Monday, April 18, 2011

A note a day for Holy Week-A Case of the Mondays

I really like Mark 11:11. In scripture it stands as this pregnant pause between the exuberance of Palm Sunday and the seemingly suicidal actions of Monday. Jesus goes to the temple, scopes it out and then leaves. It feels like the hammer being pulled back on a loaded pistol.

Monday morning he gets up hungry and has a fairly unpleasant exchange with a fig tree. This passage tells us, "And his disciples heard it." I'll bet they did. I think I would have spent the rest of the day walking well behind him and trying not to do anything stupid.

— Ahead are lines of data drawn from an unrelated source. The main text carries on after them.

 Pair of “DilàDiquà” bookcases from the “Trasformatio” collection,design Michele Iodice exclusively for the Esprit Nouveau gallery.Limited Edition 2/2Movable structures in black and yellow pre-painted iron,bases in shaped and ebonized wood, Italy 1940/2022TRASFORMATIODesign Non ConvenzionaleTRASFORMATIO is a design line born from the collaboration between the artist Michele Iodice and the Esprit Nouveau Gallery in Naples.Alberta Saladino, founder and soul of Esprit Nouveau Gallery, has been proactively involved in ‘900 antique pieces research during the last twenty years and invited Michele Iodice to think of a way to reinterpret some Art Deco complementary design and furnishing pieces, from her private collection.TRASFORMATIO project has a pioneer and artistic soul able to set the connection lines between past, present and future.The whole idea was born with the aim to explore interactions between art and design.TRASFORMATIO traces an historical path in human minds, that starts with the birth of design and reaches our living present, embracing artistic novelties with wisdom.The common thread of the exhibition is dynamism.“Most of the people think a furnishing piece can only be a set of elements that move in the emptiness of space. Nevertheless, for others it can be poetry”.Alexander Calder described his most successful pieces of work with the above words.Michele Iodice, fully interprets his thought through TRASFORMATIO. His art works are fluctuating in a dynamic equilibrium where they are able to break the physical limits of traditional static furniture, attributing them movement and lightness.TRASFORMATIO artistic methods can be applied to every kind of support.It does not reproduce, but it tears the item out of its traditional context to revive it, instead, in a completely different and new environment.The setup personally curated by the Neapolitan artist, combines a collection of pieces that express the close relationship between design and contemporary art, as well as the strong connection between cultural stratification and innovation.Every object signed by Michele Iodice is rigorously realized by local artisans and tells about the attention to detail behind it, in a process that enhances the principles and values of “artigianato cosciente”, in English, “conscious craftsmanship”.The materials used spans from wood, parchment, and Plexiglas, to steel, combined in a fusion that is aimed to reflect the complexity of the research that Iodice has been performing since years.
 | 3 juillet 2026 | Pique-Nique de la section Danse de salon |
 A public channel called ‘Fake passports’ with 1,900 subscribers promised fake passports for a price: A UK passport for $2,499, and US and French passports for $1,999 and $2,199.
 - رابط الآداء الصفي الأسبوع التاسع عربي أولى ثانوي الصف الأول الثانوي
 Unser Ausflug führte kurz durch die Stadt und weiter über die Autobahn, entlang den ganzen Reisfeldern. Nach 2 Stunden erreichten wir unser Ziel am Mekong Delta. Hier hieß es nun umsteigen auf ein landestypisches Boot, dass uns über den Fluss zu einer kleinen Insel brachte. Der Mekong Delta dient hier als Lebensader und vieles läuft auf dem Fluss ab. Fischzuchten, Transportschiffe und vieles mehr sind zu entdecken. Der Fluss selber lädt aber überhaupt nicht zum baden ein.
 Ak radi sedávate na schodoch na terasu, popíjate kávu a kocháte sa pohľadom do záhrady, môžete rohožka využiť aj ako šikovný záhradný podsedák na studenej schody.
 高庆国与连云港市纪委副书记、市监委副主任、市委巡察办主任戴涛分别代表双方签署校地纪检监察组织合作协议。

Was Jesus having a bad day? I don't necessarily know about "bad" but occasionally it must have been difficult managing the universe AND walking around in skin. Just saying. What I mean is that he didn't just yell at the money changers. No, he knocked over their tables and chairs, and then he didn't let anyone even carry anything through the temple. Wow.

The priests and scribes who feared him were now set on a path to kill him before he mucked up any more of their tidy routine with the Romans... but the people were spellbound. It must have been like watching a building implode. Scary awesome. Then he leaves and you get the impression that Tuesday isn't going to be any better. Buckle up...



Mark 11:11-19 (NRSV)
Then he entered Jerusalem and went into the temple; and when he had looked around at everything, as it was already late, he went out to Bethany with the twelve.
On the following day, when they came from Bethany, he was hungry. Seeing in the distance a fig tree in leaf, he went to see whether perhaps he would find anything on it. When he came to it, he found nothing but leaves, for it was not the season for figs. He said to it, “May no one ever eat fruit from you again.” And his disciples heard it.
Then they came to Jerusalem. And he entered the temple and began to drive out those who were selling and those who were buying in the temple, and he overturned the tables of the money changers and the seats of those who sold doves; and he would not allow anyone to carry anything through the temple. He was teaching and saying, “Is it not written,



‘My house shall be called a house of prayer for all the nations’?

But you have made it a den of robbers.”



And when the chief priests and the scribes heard it, they kept looking for a way to kill him; for they were afraid of him, because the whole crowd was spellbound by his teaching. And when evening came, Jesus and his disciples went out of the city.